12.          The First-tier Tribunal made the following findings on the appellant's case that the timing of the 60 day letter dated 15 September 2015 was unfair:

"52. Yet, on the documents provided to me, which show the Appellant's contacts with universities and colleges (many of which are undated and do not assist), the earliest date I find of contact is 19 October 2015. This is over halfway into the 60 day period. Looking at all the evidence in the round, although the Appellant seeks to attribute blame to the 'uncompromising' attitude of the Respondent for him not being able to continue his studies, I find that he did not demonstrate the desire and urgency which his situated warranted. This casts some doubt on his motives for seeking to remain in the United Kingdom."

13.          The appellant maintains that this reasoning was in error as the judge should have found that the appellant was so disadvantaged by the respondent's timing of the September 2015 60-day letter that he should have been granted a short period of further leave in order to find an educational sponsor. However, the materials before me show that Judge Chapman was correct that the appellant did not provide any evidence of trying to find an educational sponsor prior to 19 October and that this was over halfway into the 60-day period allocated to the appellant.

14.          Further, as Mr Bates pointed out at the hearing, a document at page 12 of the appellant's bundle showed that Westminster Kingsway College had closed their course only at the end of September so, had the appellant made full use of the 60 days from 15 September onwards, he could have found courses still open to him.

15.          Further, the respondent clearly followed his own policy regarding the obligation to afford 60 days of leave to find a new educational institution when an applicant is without a CAS for no fault of their own.
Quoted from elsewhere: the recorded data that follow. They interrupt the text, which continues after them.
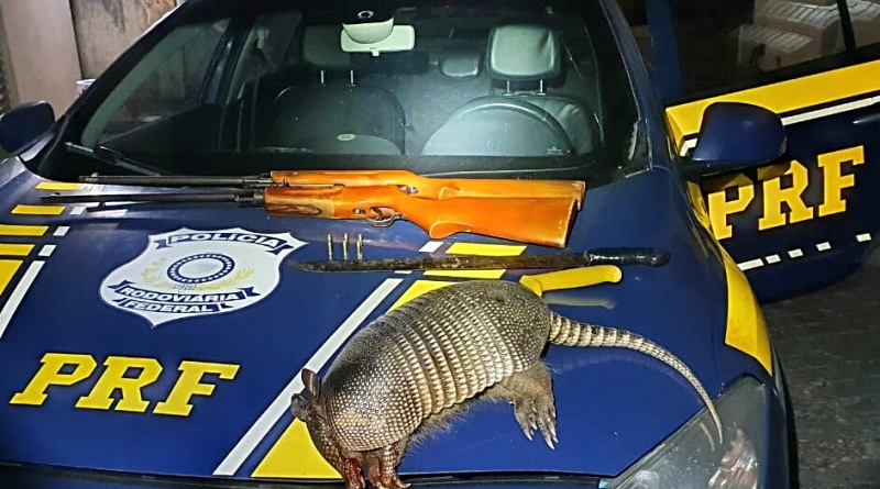 Na noite de quarta-feira, 13, na BR-153 em Caçapava do Sul, a Polícia Rodoviária Federal prendeu dois homens por crime ambiental e porte ilegal de arma. Com eles havia um tatu morto e armas de fogo.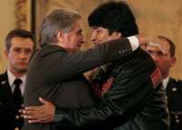 En el palacio presidencial de La Paz, los presidentes de Uruguay, Tabaré Vázquez, y de Bolivia, Evo Morales, se saludan tras signar un preacuerdo sobre comercio de gas natural FOTOAp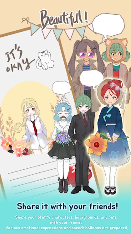- Share your pretty characters, phone backgrounds, and pets with your friends.

Nothing required the respondent to issue the 60 day letter at a time that was preferential to the appellant. It will be obvious that requiring a 60 day letter to be timed in order to suit courses of interest to an individual student would impose an almost unworkable burden on the respondent.
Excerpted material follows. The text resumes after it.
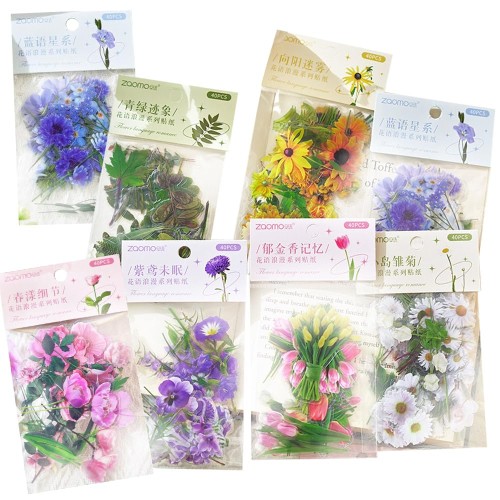 moin moin シール ステッカー 花 大量 160種 320枚 セット 透明 リアル 押し花 ヒマワリ バラ チューリップ スイセン マーガレット ラベンダー キキョウ コスモス 緑 黄 青 ピンク 白 紫 ご褒美 スケジュール 手帳 アルバム ペット 子供 デコ 手紙 カレンダー 2502sl349

16.          Further, the inability of the appellant to obtain a CAS during the September to November 2015 period did not mean that he was without options for further studies. As the respondent's refusal letter indicated, having taken account of the appellant's difficulties during the September to November 2015 period, the appellant could return to Pakistan to continue his studies there or could return to Pakistan in order to apply for entry clearance to come back to the UK.

17.          The grounds refer to a delay by the respondent which should have led to a finding of unfairness and the appeal being allowed under Article 8 ECHR. I was not taken to any period of delay by the respondent here. The decisions followed his applications in reasonable time and his various appeal hearings and the judicial review proceedings progressed within normal time limits. I did not find that this argument had any merit.

18.          It will be clear from the chronology set out above that the appellant has lived by far the majority of his life in Pakistan where he has his immediate family. He has only ever been in the United Kingdom with precarious leave. He seeks leave to continue with his studies when he can do so in Pakistan or apply to return to the UK to study in future. An Article 8 case based on private life in these circumstances could not have succeeded and the First-tier Tribunal Judge here took a lawful approach in paragraph 53 onwards in finding that there was no disproportionate breach of the appellant's Article 8 human rights either under the Immigration Rules or outside the Immigration Rules.

19.          For all of these reasons, it is my view that the First-tier Tribunal did not err in the decision refusing the appeal.

 

Notice of Decision

 

The decision of the First-tier Tribunal does not disclose an error on a point of law and shall stand.